[Description of the task] Here the job is to print all of the entries below verbatim and leave out any picture.

=== Task inputs ===

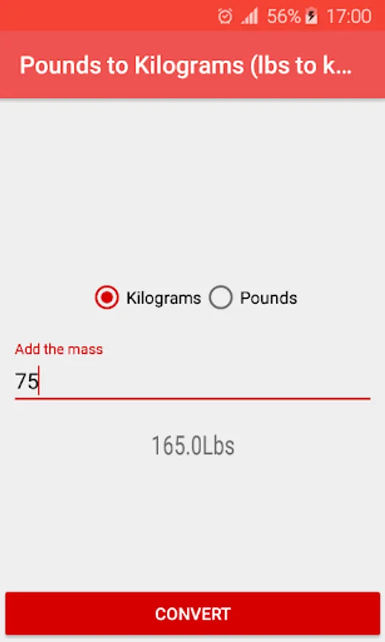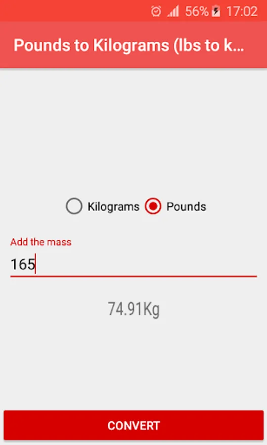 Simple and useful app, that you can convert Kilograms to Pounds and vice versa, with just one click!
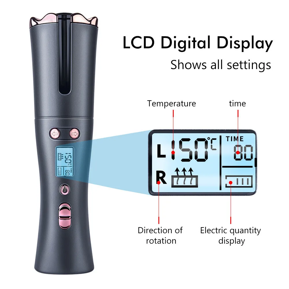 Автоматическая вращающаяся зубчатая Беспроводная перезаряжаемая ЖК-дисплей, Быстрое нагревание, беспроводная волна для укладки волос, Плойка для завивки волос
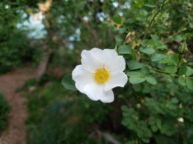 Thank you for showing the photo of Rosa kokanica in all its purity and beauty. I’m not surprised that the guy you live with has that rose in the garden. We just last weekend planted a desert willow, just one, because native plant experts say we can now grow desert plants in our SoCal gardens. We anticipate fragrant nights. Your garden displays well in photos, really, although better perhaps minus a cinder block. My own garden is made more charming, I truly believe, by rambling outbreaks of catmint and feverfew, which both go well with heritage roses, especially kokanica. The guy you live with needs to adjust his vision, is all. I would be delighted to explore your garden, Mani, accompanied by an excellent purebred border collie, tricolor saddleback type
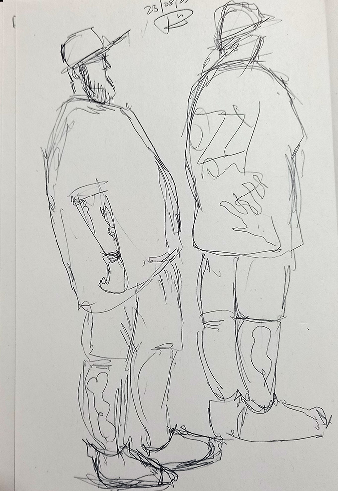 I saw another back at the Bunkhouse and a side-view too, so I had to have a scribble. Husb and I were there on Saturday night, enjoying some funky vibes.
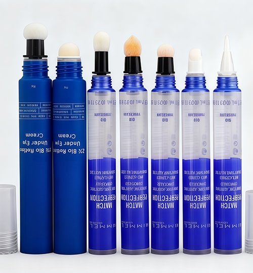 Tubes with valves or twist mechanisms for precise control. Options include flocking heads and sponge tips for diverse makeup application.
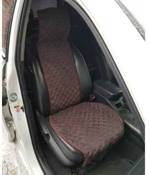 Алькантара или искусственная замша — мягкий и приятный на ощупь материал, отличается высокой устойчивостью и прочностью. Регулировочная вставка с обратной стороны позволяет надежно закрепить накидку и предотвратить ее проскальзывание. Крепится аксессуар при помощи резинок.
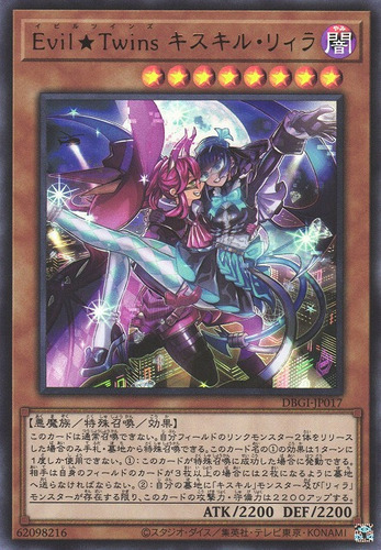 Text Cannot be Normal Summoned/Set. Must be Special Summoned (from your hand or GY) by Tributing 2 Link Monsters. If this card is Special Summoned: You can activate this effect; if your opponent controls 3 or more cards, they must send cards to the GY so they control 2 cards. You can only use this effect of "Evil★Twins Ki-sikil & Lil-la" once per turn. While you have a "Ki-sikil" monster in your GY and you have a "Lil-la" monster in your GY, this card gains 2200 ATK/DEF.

===

[Output]
 Simple and useful app, that you can convert Kilograms to Pounds and vice versa, with just one click!
 Автоматическая вращающаяся зубчатая Беспроводная перезаряжаемая ЖК-дисплей, Быстрое нагревание, беспроводная волна для укладки волос, Плойка для завивки волос
 Thank you for showing the photo of Rosa kokanica in all its purity and beauty. I’m not surprised that the guy you live with has that rose in the garden. We just last weekend planted a desert willow, just one, because native plant experts say we can now grow desert plants in our SoCal gardens. We anticipate fragrant nights. Your garden displays well in photos, really, although better perhaps minus a cinder block. My own garden is made more charming, I truly believe, by rambling outbreaks of catmint and feverfew, which both go well with heritage roses, especially kokanica. The guy you live with needs to adjust his vision, is all. I would be delighted to explore your garden, Mani, accompanied by an excellent purebred border collie, tricolor saddleback type
 I saw another back at the Bunkhouse and a side-view too, so I had to have a scribble. Husb and I were there on Saturday night, enjoying some funky vibes.
 Tubes with valves or twist mechanisms for precise control. Options include flocking heads and sponge tips for diverse makeup application.
 Алькантара или искусственная замша — мягкий и приятный на ощупь материал, отличается высокой устойчивостью и прочностью. Регулировочная вставка с обратной стороны позволяет надежно закрепить накидку и предотвратить ее проскальзывание. Крепится аксессуар при помощи резинок.
 Text Cannot be Normal Summoned/Set. Must be Special Summoned (from your hand or GY) by Tributing 2 Link Monsters. If this card is Special Summoned: You can activate this effect; if your opponent controls 3 or more cards, they must send cards to the GY so they control 2 cards. You can only use this effect of "Evil★Twins Ki-sikil & Lil-la" once per turn. While you have a "Ki-sikil" monster in your GY and you have a "Lil-la" monster in your GY, this card gains 2200 ATK/DEF.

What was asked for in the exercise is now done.